> _Problem statement_
Whenever a picture appears in the data, skip it and write out all other material exactly.

> _Data shown_
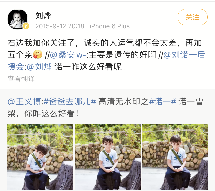 真人秀火了,刘烨也没落下,带着儿子诺一出镜,娃红他也红。
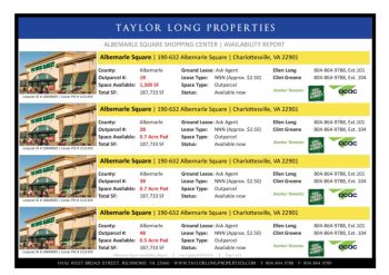 10142 EST BROAD STREET, RCHMOND, A 23060 .TAYLORLONGPROPERTES.CO T: 804.864.9788 F: 804.864.9789 TALO LON POPEIES Albemarle-Square-Availability_Report | Last Updated ...
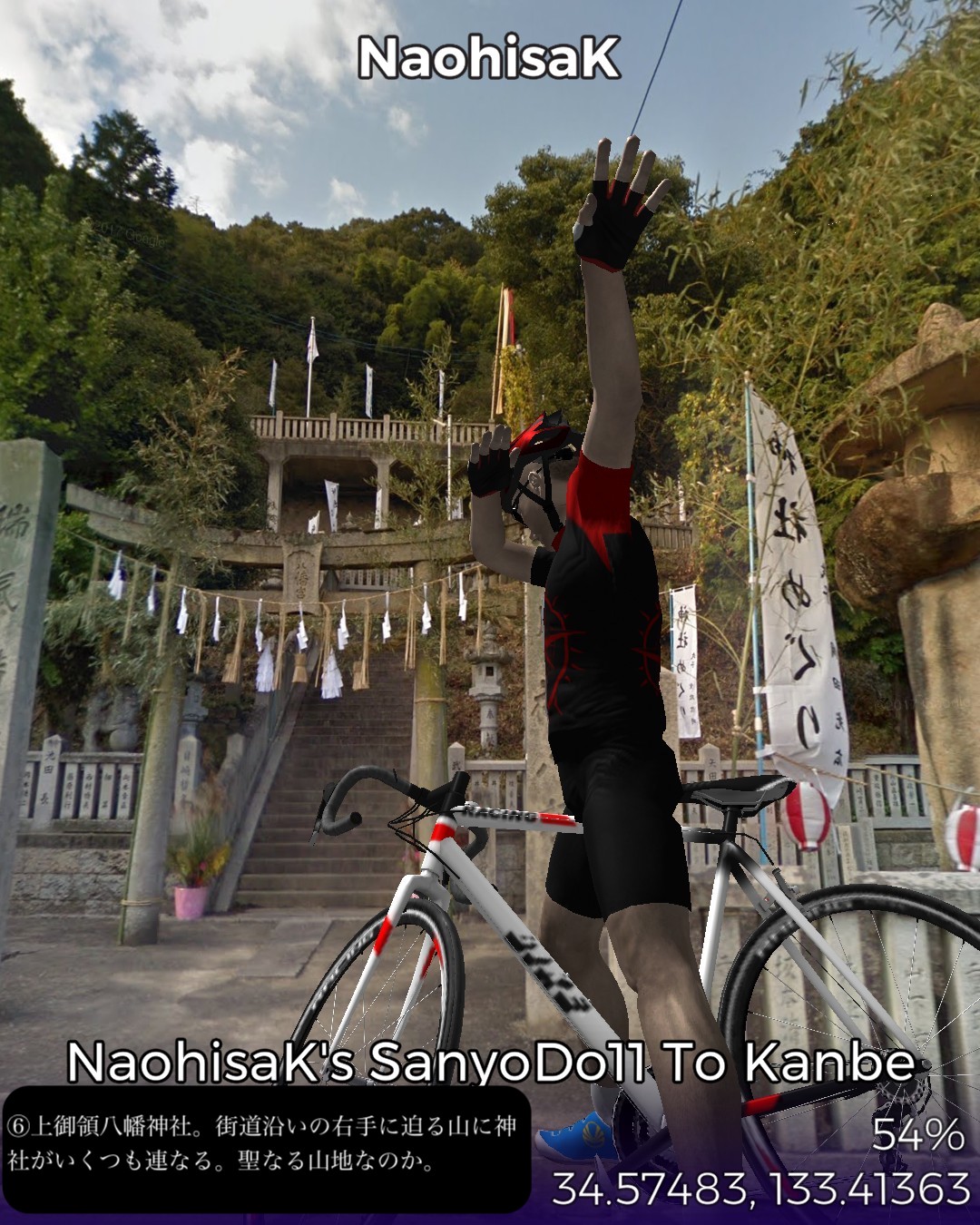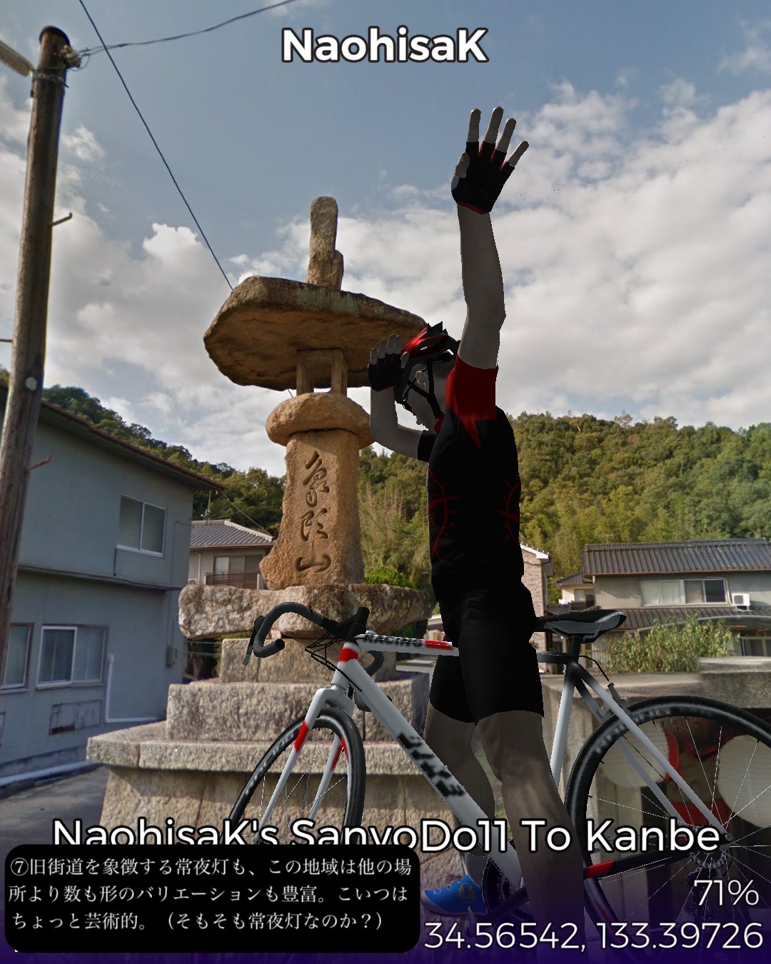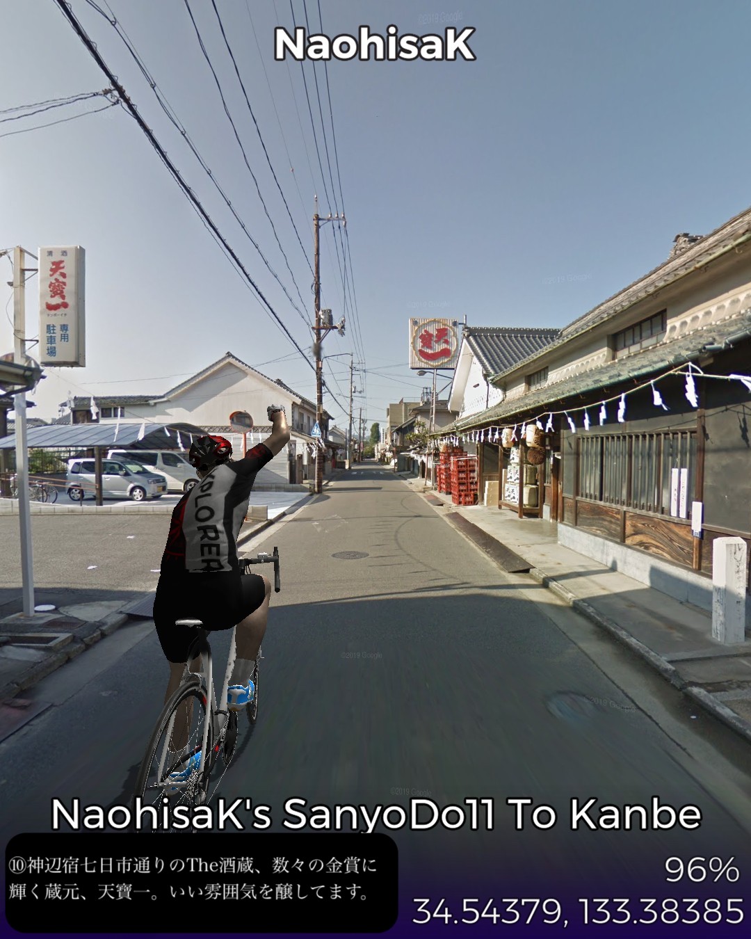 VRサイクリング、山陽道11日目は岡山県西端の井原市の七日市宿から、いよいよ広島県に乱入し、福山市の神辺宿までの12km。久々に短距離だがその間に高屋宿があり、街道沿いの古い家並がほぼ途切れない。山間から海の近くまで出てきて、その間に県境もあるが峠越えや川越えがあるわけではなく県境は家並の合間にある。多分この3つの宿場は繋がった1つの宿場地帯と見なされていたと想像する。高屋宿は土着のなまこ壁の建物と明治以降の洋風レトロな建物が入り混じる不思議な雰囲気を醸し出す街道筋。「ねんねこしゃっしゃりま〜せ」の中国地方の子守唄を世に広めた「上野耐之」出身地ということで子守唄の里で売っているようだ。近くの井原線の駅名も「子守歌の里高屋駅」となっている。ゴールの神辺宿ではストリートビューでは超珍しく「祭り」の現場に遭遇した。神辺宿は白い壁の街並みが美しい雰囲気のいい町。名酒を生む酒蔵もある。さていよいよ広島県。次は尾道へ向かう。

> _Exercise answer_
 真人秀火了,刘烨也没落下,带着儿子诺一出镜,娃红他也红。
 10142 EST BROAD STREET, RCHMOND, A 23060 .TAYLORLONGPROPERTES.CO T: 804.864.9788 F: 804.864.9789 TALO LON POPEIES Albemarle-Square-Availability_Report | Last Updated ...
 VRサイクリング、山陽道11日目は岡山県西端の井原市の七日市宿から、いよいよ広島県に乱入し、福山市の神辺宿までの12km。久々に短距離だがその間に高屋宿があり、街道沿いの古い家並がほぼ途切れない。山間から海の近くまで出てきて、その間に県境もあるが峠越えや川越えがあるわけではなく県境は家並の合間にある。多分この3つの宿場は繋がった1つの宿場地帯と見なされていたと想像する。高屋宿は土着のなまこ壁の建物と明治以降の洋風レトロな建物が入り混じる不思議な雰囲気を醸し出す街道筋。「ねんねこしゃっしゃりま〜せ」の中国地方の子守唄を世に広めた「上野耐之」出身地ということで子守唄の里で売っているようだ。近くの井原線の駅名も「子守歌の里高屋駅」となっている。ゴールの神辺宿ではストリートビューでは超珍しく「祭り」の現場に遭遇した。神辺宿は白い壁の街並みが美しい雰囲気のいい町。名酒を生む酒蔵もある。さていよいよ広島県。次は尾道へ向かう。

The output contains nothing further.